Why, though, were the cheap seats so often the base of operations for the unmerciful talkers of smack? My theory is this: It all comes down to brain power. The more intellectually articulate, the greater the odds they would buy a ticket in the peanut gallery. Why? Because they were too smart to just follow the prevailing opinion of the masses and accept sub-par acts as quality entertainment. They could see through the rouse of 'pop-culture' and ascertain their own opinion of a show or act. (Yes pop-culture existed in the days of vaudeville. In fact it has always existed but simply was not given that name until our modern era.) As they did, flaws would be readily evident and so they could do one of two things. 1) Get irritated. 2) Make fun.
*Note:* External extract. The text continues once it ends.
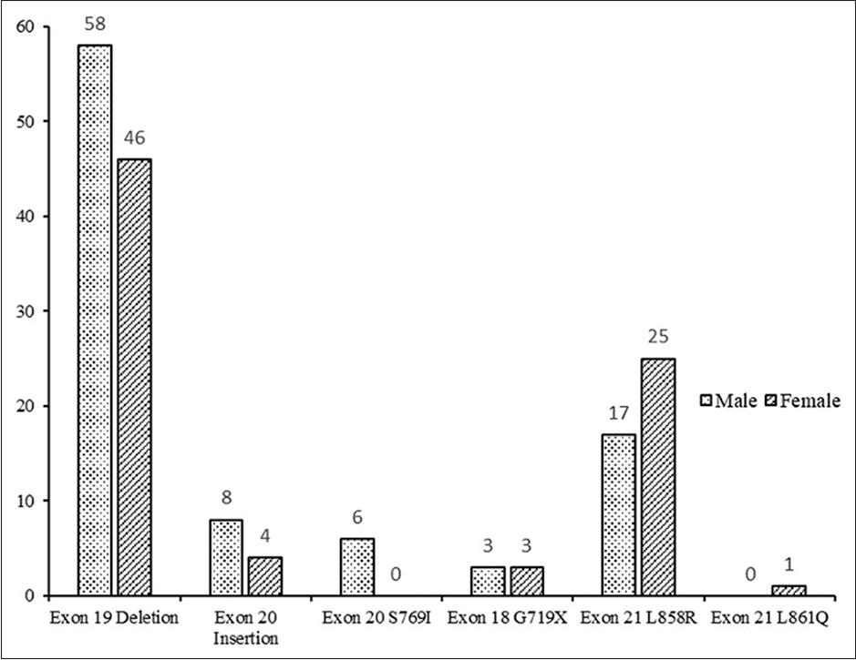 Globally, more than 2.2 million lung cancer cases were reported in 2021, making it the most frequently diagnosed cancer and the leading cause of death in cancer patients. Approximately 65% of cases were reported in males, with a maleto-female ratio of 1.8 (wcrf.org/cancer-trends/lung-cancer-statistics). In 2004, Pao et al. first reported in NSCLC adenocarcinoma oncogenic mutations in the EGFR gene, opening up a new line of therapy choices with TKIs.[12,13] Since then, many clinical trials have demonstrated the efficacy of TKIs in EGFR mutation-positive advanced NSCLC. Worldwide, it is becoming a standard of care to test for EGFR-activating mutations for identifying a subset of NSCLC patients who can benefit from tyrosine kinase-targeted therapies. Although most patients in our study were males (68.3%), the EGFR mutations were found at a statistically higher percentage in the female group compared to males (37% vs. 20%, P < 0.05). These results agree with most published studies and clinical trials, confirming that activating somatic mutations in the EGFR gene in female lung cancer patients is more common than in male patients.[14] Overall, in our study, EGFR mutations were found in 25% of the total patients.

The well rounded, jovial individual would view this as an opportunity to exercise the mind instead of being bored out of it and come up with one snappy one-liner after another. Yet, the shrewd riffer would also know there would eventually be consequences. How long do you think you could sound your sass without attracting the rage of the serious and straight-laced patrons? Sooner or later, you could expect an early escort out to the street by a not-so-friendly usher. That being the case why would anyone pay more than the minimum for a show they expected to be disappointed in and, eventually, thrown out of? Therefore, I hold to the theory. The astutely clever would pay no more than base price for a rousing evening where they would, in fact, be the most entertaining portion of the show.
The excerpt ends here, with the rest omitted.